Have You Read . . . ?

August 24, 2009

sixwordToday’s find from out of the stacks is a little book called Not Quite What I Was Planning: Six-Word Memoirs by Writers Famous and Obscure. The book is a project of SMITH Magazine, an online publication and community for storytellers of all stripes. Among other story projects, in 2006 SMITH launched the six-word memoir project to great popularity on the web. Inspired by the legend of Ernest Hemingway’s own six word short story allegedly written in a bar bet (“For Sale: baby shoes, never worn.”), the magazine launched its project and watched it spread like virtual wildfire across the internet. Not Quite What I Was Planning collects a wide assortment of the submissions from amateur and professional writers alike. Some of the notable brief memoirists include Chuck Klosterman, Ornette Coleman, Harvey Pekar, Amy Sedaris, Tracey Morgan, Curtis Sittenfeld, Jonathan Lethem, Aimee Mann, Stephen Colbert, Daniel Handler, and David Rakoff among many others. The sheer range of voices on display here is a wonderful thing. It’s like walking down the street and reading the story of a life in each face you pass. You’ll be amazed at the power six little words can have over your emotions. From laughter to sadness to wincing recognition, there are as many ways to respond to these stories as there are stories themselves. The only thing these pieces have in common aside from their brevity is the honesty at the core of each. Think of them as literature for the Twitter Age. Enjoy a sampling below, and if you’re feeling inspired, be sure to drop us a comment with your own six-word memoir.
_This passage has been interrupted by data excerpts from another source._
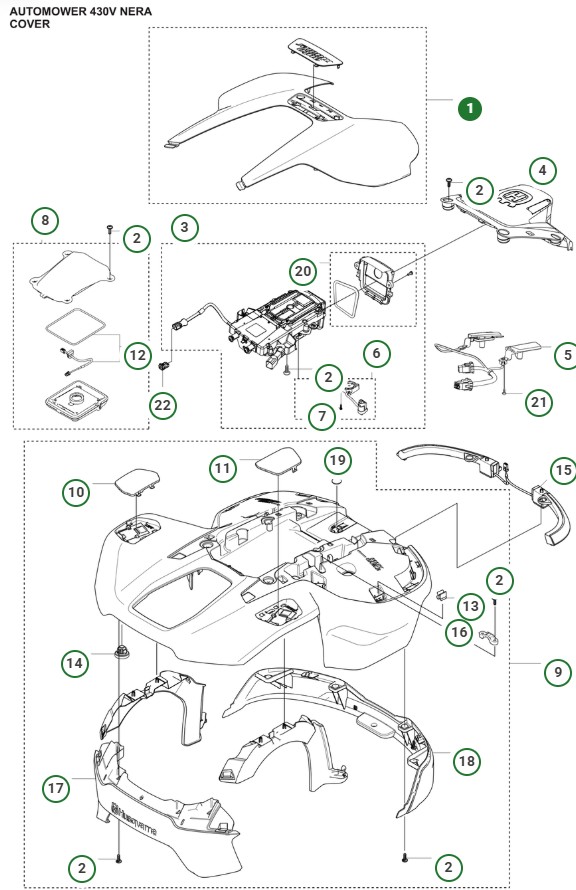540196901, toppkåpa till Husqvarna Automower 430V Nera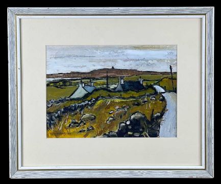 ‡ WILF ROBERTS (Welsh 1941-2016) acrylic on paper - Ynys Mon (Anglesey) landscape with rooftops and Parys Mountain beyond, signed and dated 1997, 19 x 27cmsProvenance: private collectionComments: framed and glazed, ready to hang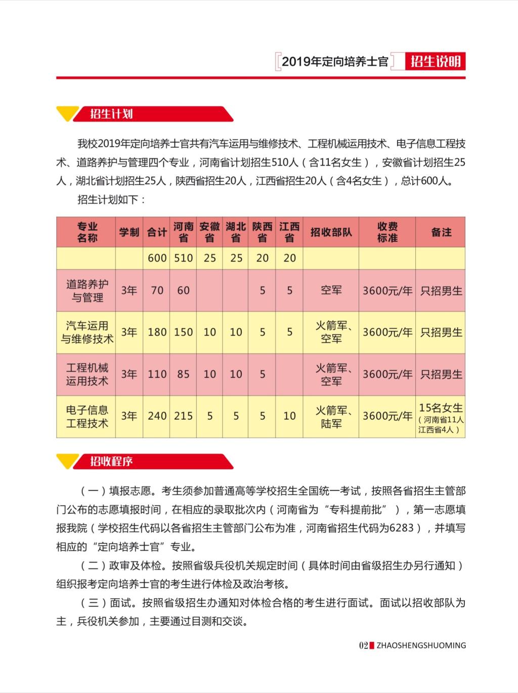 河南交通职业技术学院2019年定向培养士官计划表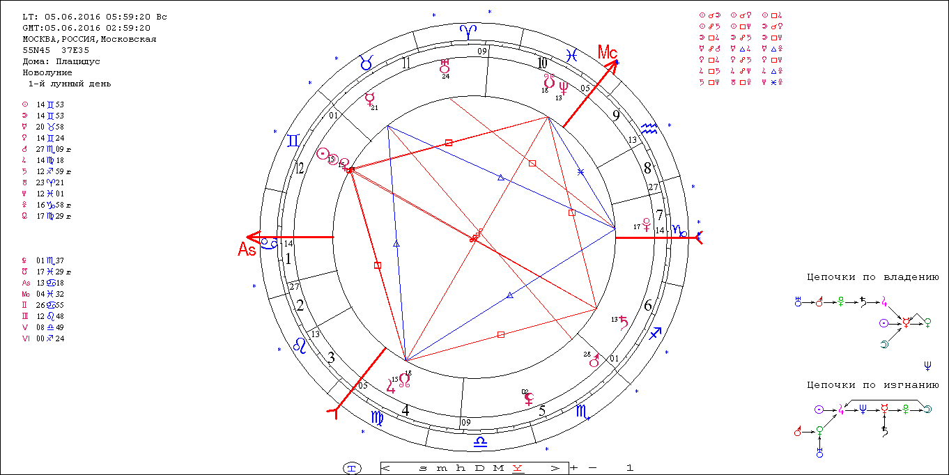 В таких случаясь особо важно, насколько точный этот самый крест, то есть каковы орбисы. В орбисе 3 градуса (то есть достаточно точный этот крест) крест с Солнцем и Венерой, дополняющими до креста тау-квадрат Нептун-Сатурн-Юпитер, держится с 31.05 по 5.06. И 5.06 Луна в момент новолуния приносит ему максимум энергетики, задавая таким вот крестом программу месяца. Крест может говорить о повышенной вероятности материализации в реальных событиях накопившихся проблем. Причем события могут носить кризисный характер.

Taking a lifetime to grow up.

                                                                                   Nothing profound, I just sat around.

Can’t tonight, watching Law & Order.

                                                                                   Thought I would have more impact.

Graduated May. 21 June. Married July.

                                                          Hiding in apartment knitting against depression.

It was embarrassing, so don’t ask.

                                                                           Discovered moral code via Judy Blume.

In a Manolo world, I’m Keds.

                                                                                       One tooth, one cavity. Life’s cruel.

Would you like fries with that?

                                                                                      Little bit Lucy, tempered by Ethel.

Became my mother. Please shoot me.

                                                                                     God, grant me patience. Right now.

Accidents cause people-son is wonderful.

                                                                                     Age eleven: became a middle child.

Loved home. Left to make sure.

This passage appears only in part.